Le spécialiste de l’islam se lève, ces jours-ci, aux aurores pour terminer son prochain livre avant fin mars, date butoir fixée par ses éditeurs, Oxford University Press et Penguin. Son sujet ? La dimension spirituelle de Mahomet. La controverse sur les caricatures du prophète l’a propulsé à la une des médias britanniques, voire mondiaux, qui se tournent vers cet oracle souriant et charmeur. La célébrité lui a fait perdre son prénom. Les angoisses du grand public cherchent comme recours cet universitaire de 43 ans, à l’anglais précis, qui ne jargonne pas. Il juge « excessives » les réactions dans le monde musulman à la polémique sur les dessins satiriques de Mahomet. « Il ne s’agit pas d’un conflit entre la liberté d’expression et la religion. Ce que beaucoup de musulmans réclament, c’est une utilisation plus sage de la liberté d’expression. De leur côté, ils doivent apprendre à se distancier sur le plan intellectuel de manière critique tout en expliquant dans le calme leur point de vue ». Tariq Ramadan applaudit l’attitude des journaux britanniques (et irlandais) qui ont été les seuls en Europe à s’abstenir de publier les dessins satiriques.

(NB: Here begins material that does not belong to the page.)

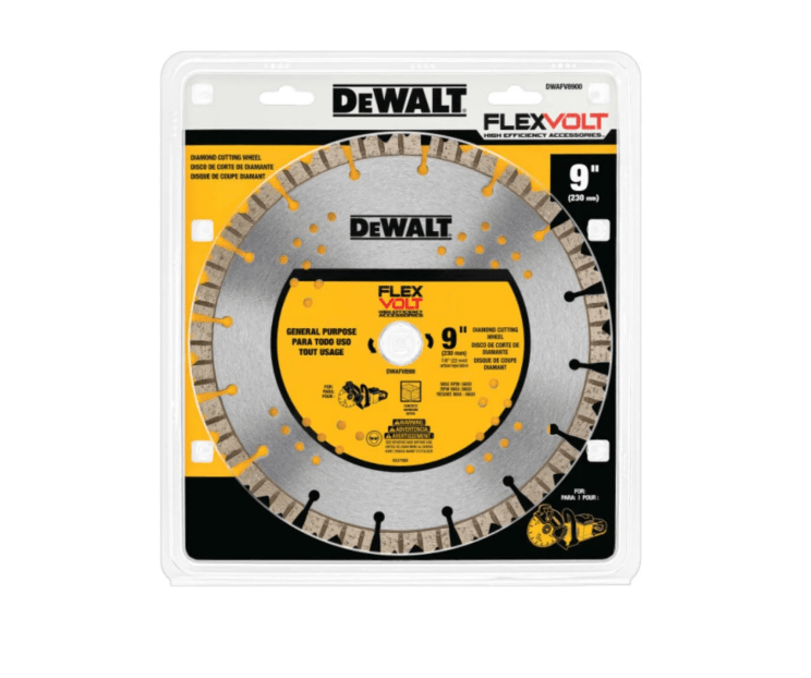 Lâmina de Serra Diamantadas segmentadas Flexvolt. Utilizada em cortadoras de concreto e asfalto e esmerilhadeiras. Para corte linear Longa vida útil: Lâmina segmentada com diamantes sintéticos para aumentar a vida útil ao cortar concreto, inclusive armado com ferro de até 1/4"".MENOR VIBRAÇÃO E DISTORÇÃO: Com um corpo de aço de alta qualidade que reduz as vibrações e distorções comparada com um disco abrasivo convencional. ALTA PERFORMANCE: Com uma alta concentração e distribuição consistente de diamantes sintéticos para uma alta performance Características Adicionais Design otimizado para a DCS690 FlexVolt, para máxima vida longa e produtividade em campo Aplicação Aplicação: Concreto e Asfalto Inclui (1) Lâmina de Serra Diamantada Segmentada

Après les attentats du 7 juillet 2005 à Londres, Tariq Ramadan avait été présenté comme un quasi-apôtre du terrorisme par le quotidien populaire Sun, plus gros tirage du pays. Critiqué en France pour les ambiguïtés de ses prêches et pour ses doubles discours, le nouveau venu est considéré désormais par la même presse Murdoch comme la voix de la raison. Tony Blair ne l’a-t-il pas nommé conseiller en religion sur les questions du radicalisme, de la jeunesse musulmane et du terrorisme ? Le Foreign Office, Scotland Yard, et les forces armées le consultent régulièrement. A l’évidence, le rebelle genevois s’est « notabilisé », frayant avec le nec plus ultra de l’establishment, intellectuel et culturel, d’outre-Manche.

En 2004, l’Université catholique Notre-Dame, près de Chicago l’avait recruté comme professeur. Le visa de résidence et de travail, obtenu en mai, lui avait été retiré peu après sans explication. Depuis, ses demandes de visa de visiteur pour participer à des conférences aux Etats-Unis sont toujours en suspens. « Ça suffit. J’ai opté pour Londres. »

Article de Marc Roche paru dans le Monde (24.02.06)

Portrait

Tariq Ramadan consultant de Tony Blair

Le rendez-vous a été fixé dès huit heures du matin par Yasmina, sa secrétaire - elle est installée en France -, au café Starbuck d’Ealing Broadway. A Londres, Tariq Ramadan, que l’on a dit proche des altermondialistes, tiendrait donc salon dans cet étendard de la globalisation honnie ! Autre surprise, celui qui est dépeint par ses ennemis comme l’apôtre des banlieues en feu n’habite pas Finsbury Park ou Stockwell, ghettos d’ancrage des islamistes de tout poil, mais Ealing, havre de paix cossu pour les bobos. Et quand il arrive enfin au rendez-vous avec quarante minutes de retard, il est seul. Sans gardes du corps ni attachée de presse de maison d’édition ou de l’université d’Oxford où il enseigne depuis août 2005.